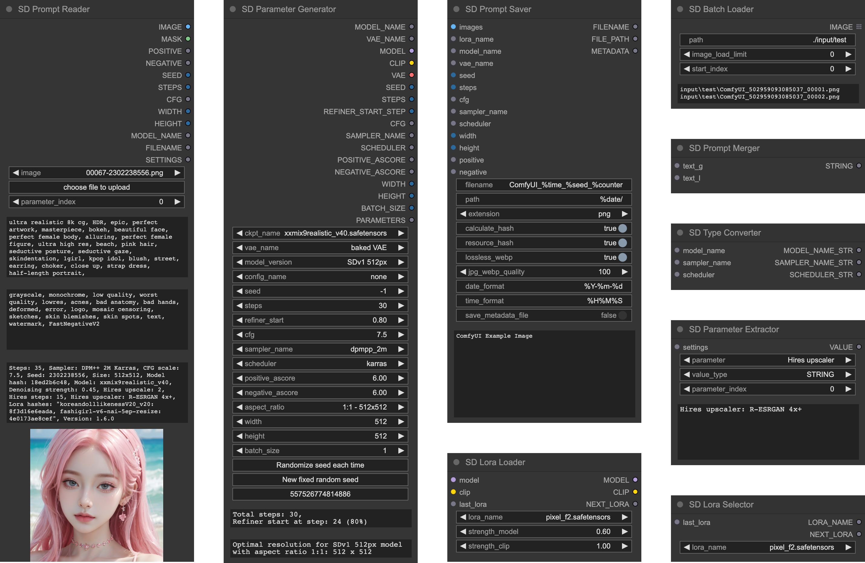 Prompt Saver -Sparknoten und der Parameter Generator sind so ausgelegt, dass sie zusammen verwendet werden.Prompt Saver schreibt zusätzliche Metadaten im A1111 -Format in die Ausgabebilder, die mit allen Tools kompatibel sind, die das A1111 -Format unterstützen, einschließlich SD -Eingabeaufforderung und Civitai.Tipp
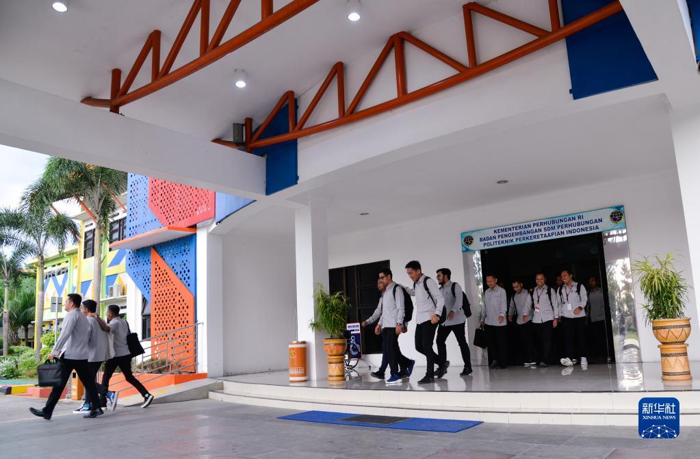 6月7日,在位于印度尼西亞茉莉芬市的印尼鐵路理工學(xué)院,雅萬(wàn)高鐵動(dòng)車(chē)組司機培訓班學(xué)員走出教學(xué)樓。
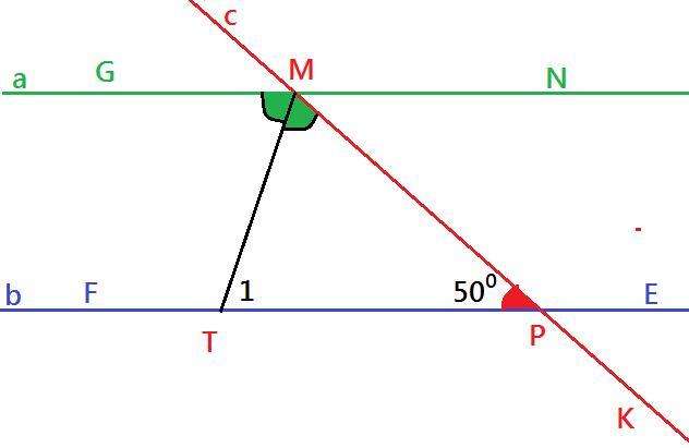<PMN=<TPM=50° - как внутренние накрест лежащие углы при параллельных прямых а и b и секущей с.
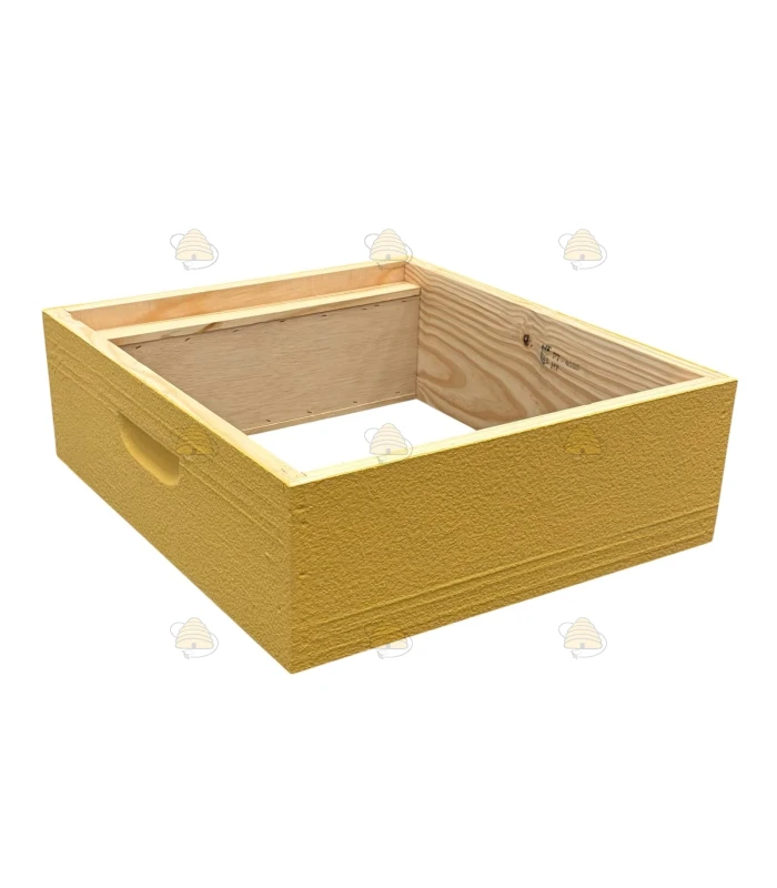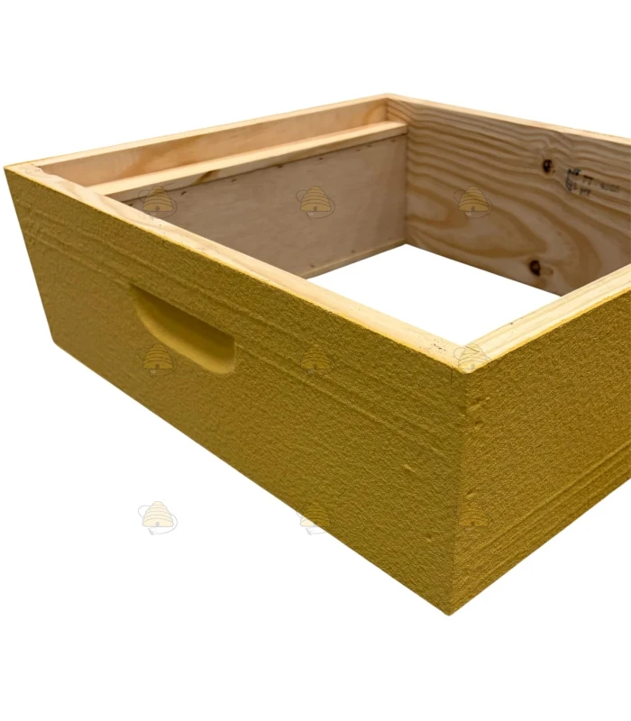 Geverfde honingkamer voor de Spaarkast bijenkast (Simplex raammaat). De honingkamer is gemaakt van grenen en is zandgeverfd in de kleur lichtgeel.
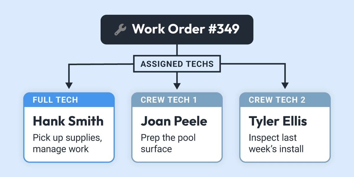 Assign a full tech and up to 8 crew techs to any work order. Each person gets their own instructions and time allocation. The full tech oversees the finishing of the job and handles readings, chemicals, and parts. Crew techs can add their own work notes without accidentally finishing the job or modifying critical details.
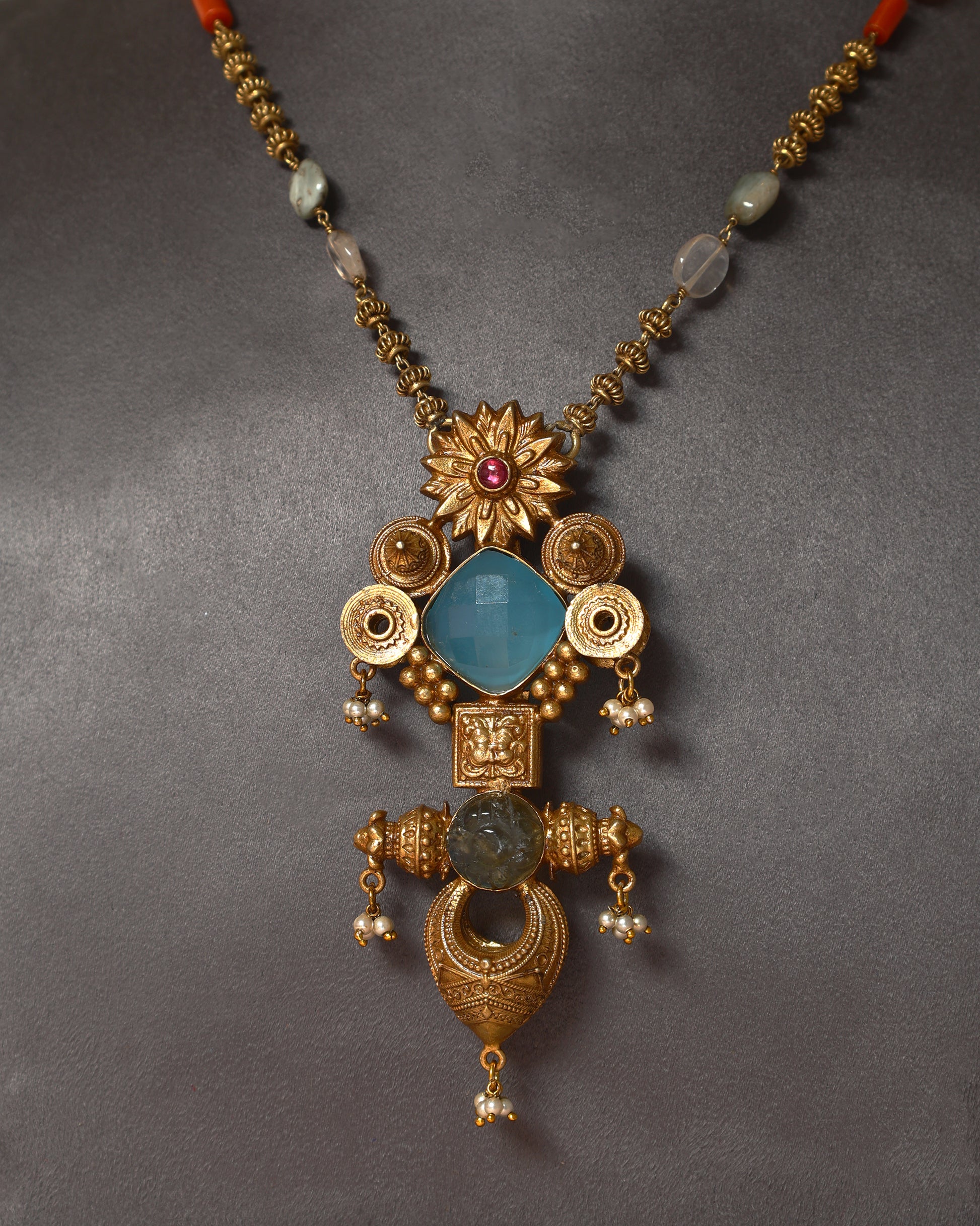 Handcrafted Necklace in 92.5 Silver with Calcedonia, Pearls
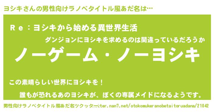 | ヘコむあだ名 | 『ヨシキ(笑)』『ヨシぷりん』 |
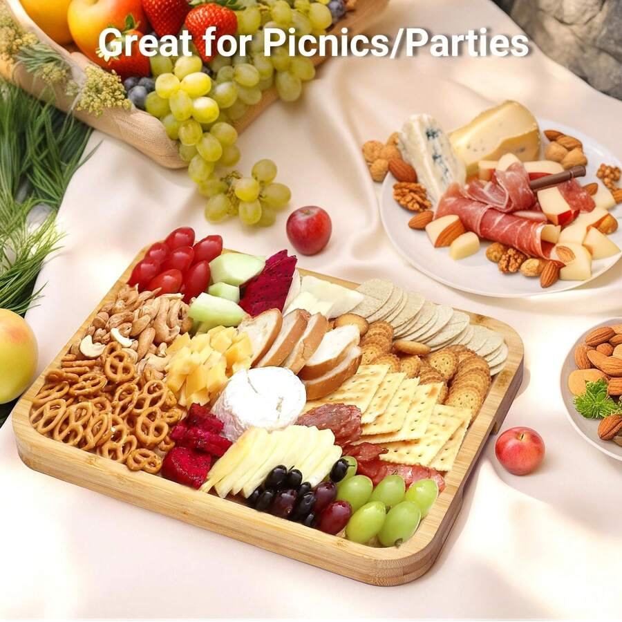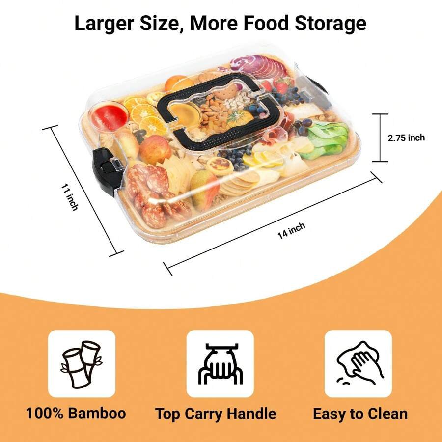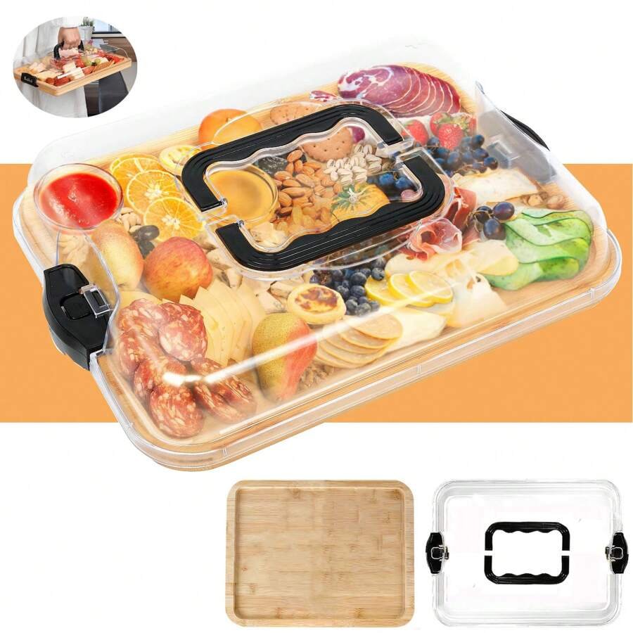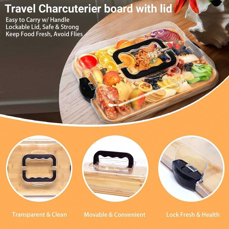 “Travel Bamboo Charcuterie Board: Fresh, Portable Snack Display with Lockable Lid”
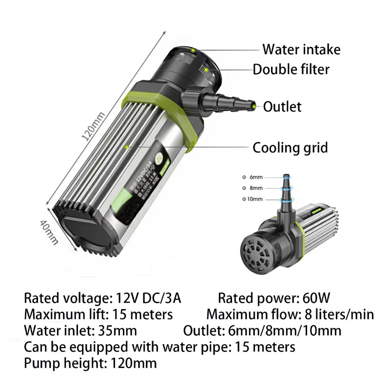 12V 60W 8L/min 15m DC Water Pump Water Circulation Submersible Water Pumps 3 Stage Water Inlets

--- --- ---

Instructions for the task: Every line from the one with "ヘコむあだ名 | 『ヨシキ(笑)』『ヨシぷりん』 |" to the end of the records above should be restated word for word, and no picture belongs in the copy.

Response:
 | ヘコむあだ名 | 『ヨシキ(笑)』『ヨシぷりん』 |
 “Travel Bamboo Charcuterie Board: Fresh, Portable Snack Display with Lockable Lid”
 12V 60W 8L/min 15m DC Water Pump Water Circulation Submersible Water Pumps 3 Stage Water Inlets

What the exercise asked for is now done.